***** Exercise input

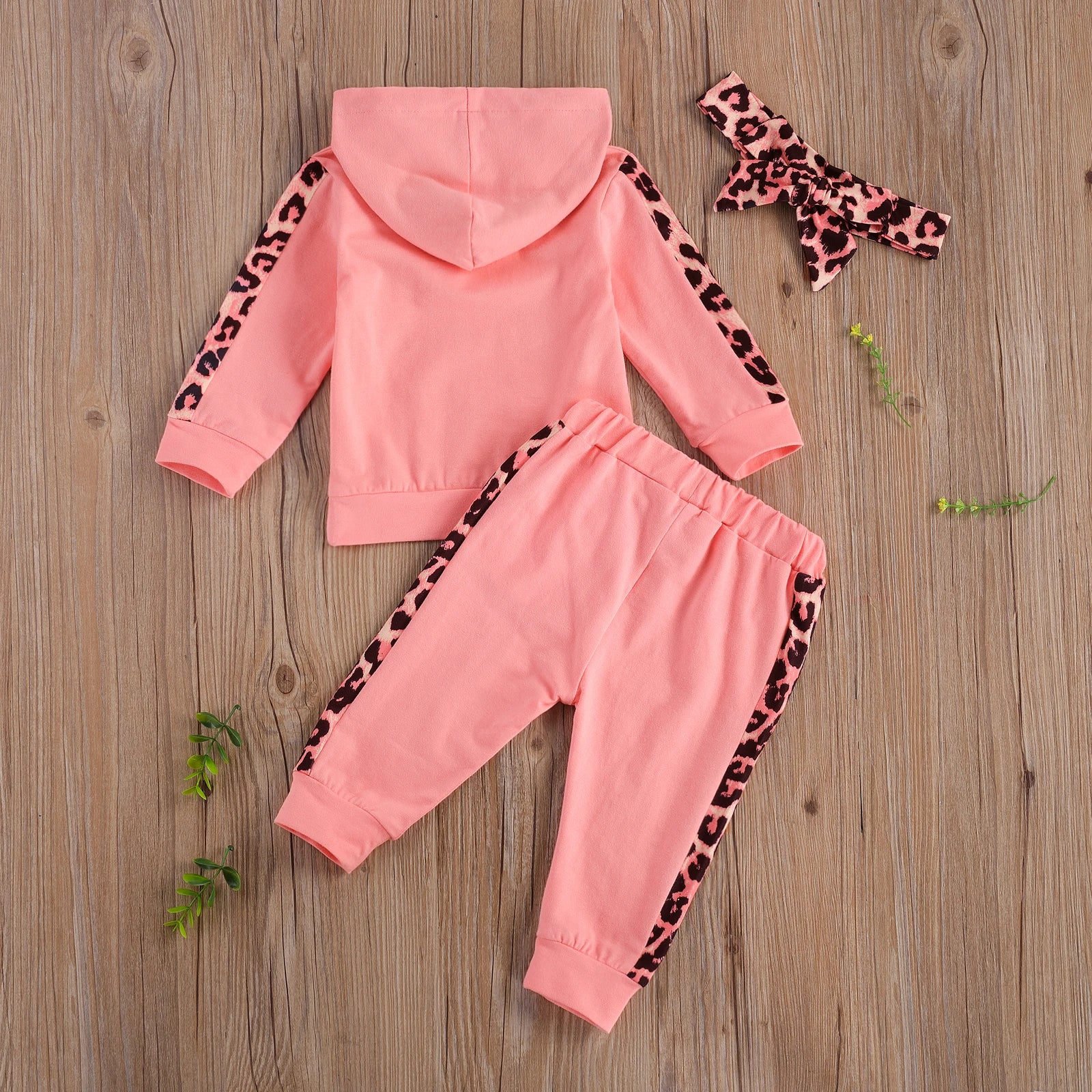 This adorable 3-piece set includes a long-sleeved hooded T-shirt with charming letter and leopard stitching, cozy long trousers, and a matching headband. Perfect for spring and fall, it keeps your baby girl warm and comfortable while supporting her active days with soft, breathable fabrics designed for gentle skin.
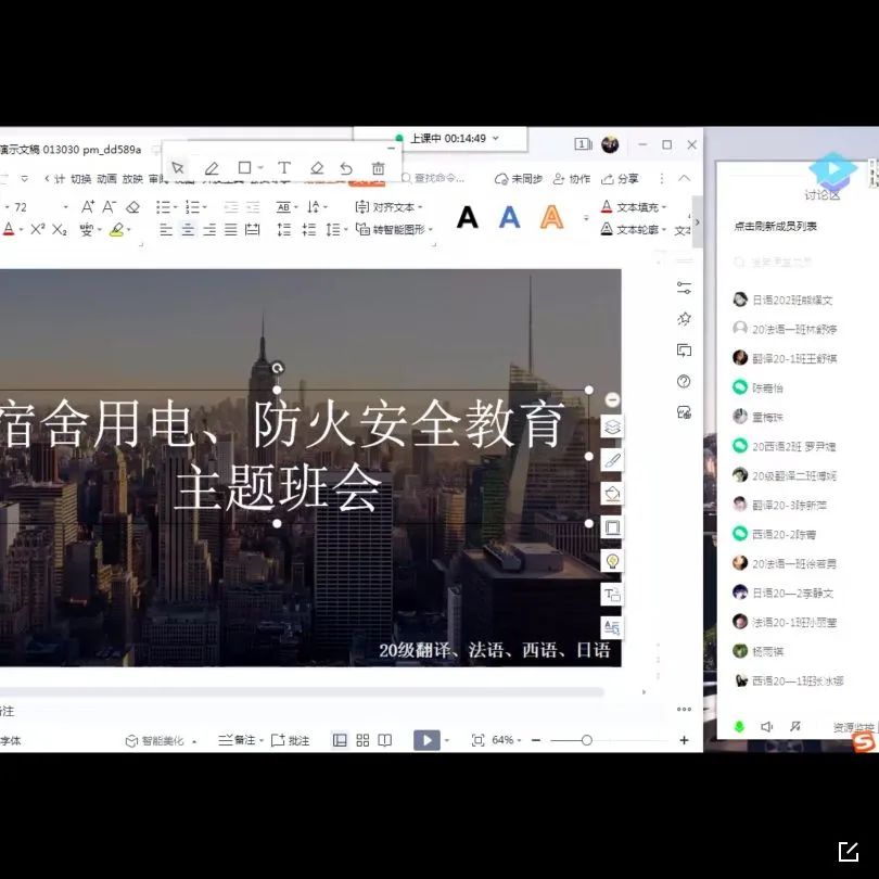 在宿舍安全教育主题班会上,辅导员通过具体案例、图片展示及播放安全教育视频等形式让同学们充分认识宿舍安全的重要性,组织全体学生认真学习了《福州外语外贸学院学生宿舍管理规定》《福州外语外贸学院违纪处分规定》等校规校纪。
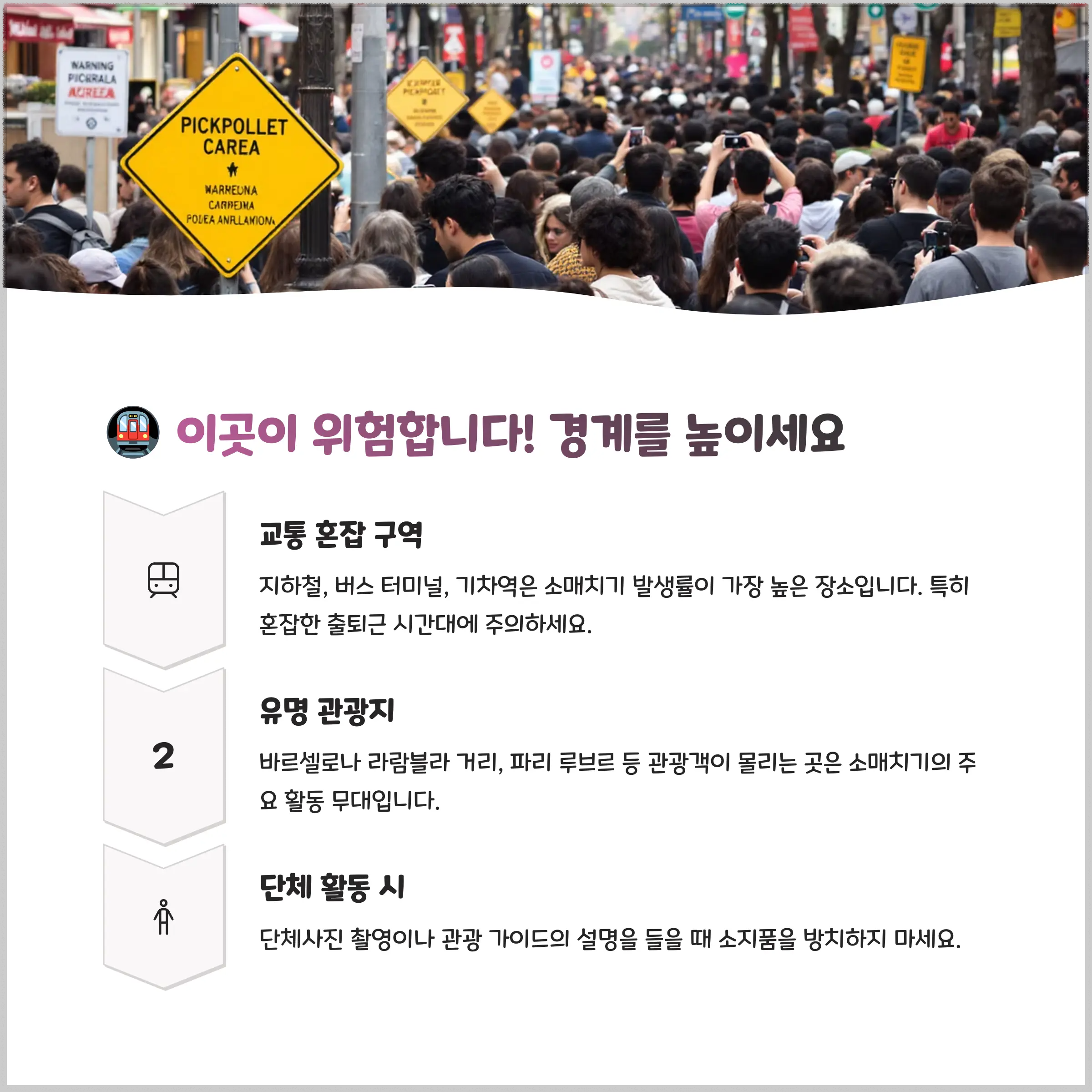 이제부터는 실제 여행자들이 가장 많이 소매치기를 당하는 장소와 순간들을 알려드릴게요. 어떤 장소에서 어떤 행동이 위험한지, 그에 대한 구체적인 대처법도 함께 설명할게요. 🚨
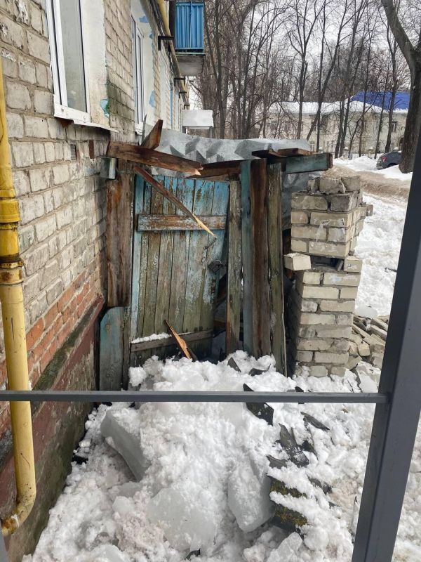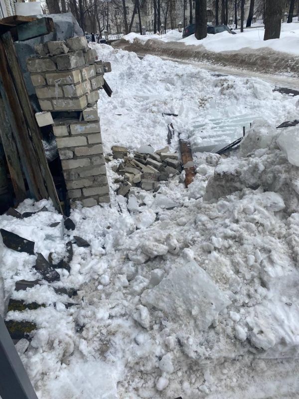 Также в соцсетях сообщают, что на Ефремова, 19 глыба льда пробила вход в подвал, повредив дверь и кирпичную стену.
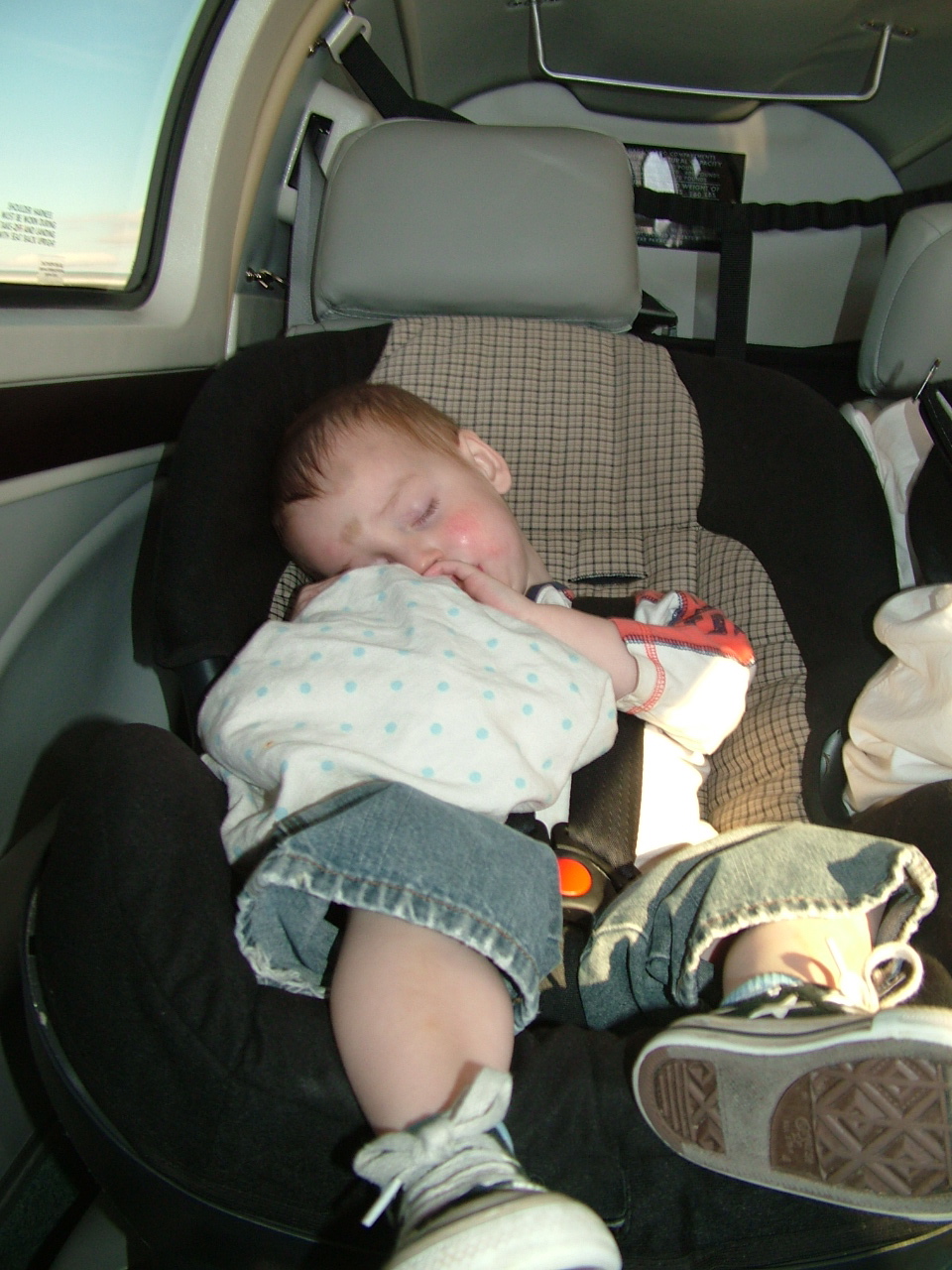 Dwayne came prepared with grocery bags for the kids. He said that the regular puke bags just wouldn’t work. The bag gave Kaylee much comfort.

**********

About this task |
Once the line containing "Также в соцсетях" is found, write it out exactly along with every line after it through the end of the listing, excluding pictures.

Finished task |
 Также в соцсетях сообщают, что на Ефремова, 19 глыба льда пробила вход в подвал, повредив дверь и кирпичную стену.
 Dwayne came prepared with grocery bags for the kids. He said that the regular puke bags just wouldn’t work. The bag gave Kaylee much comfort.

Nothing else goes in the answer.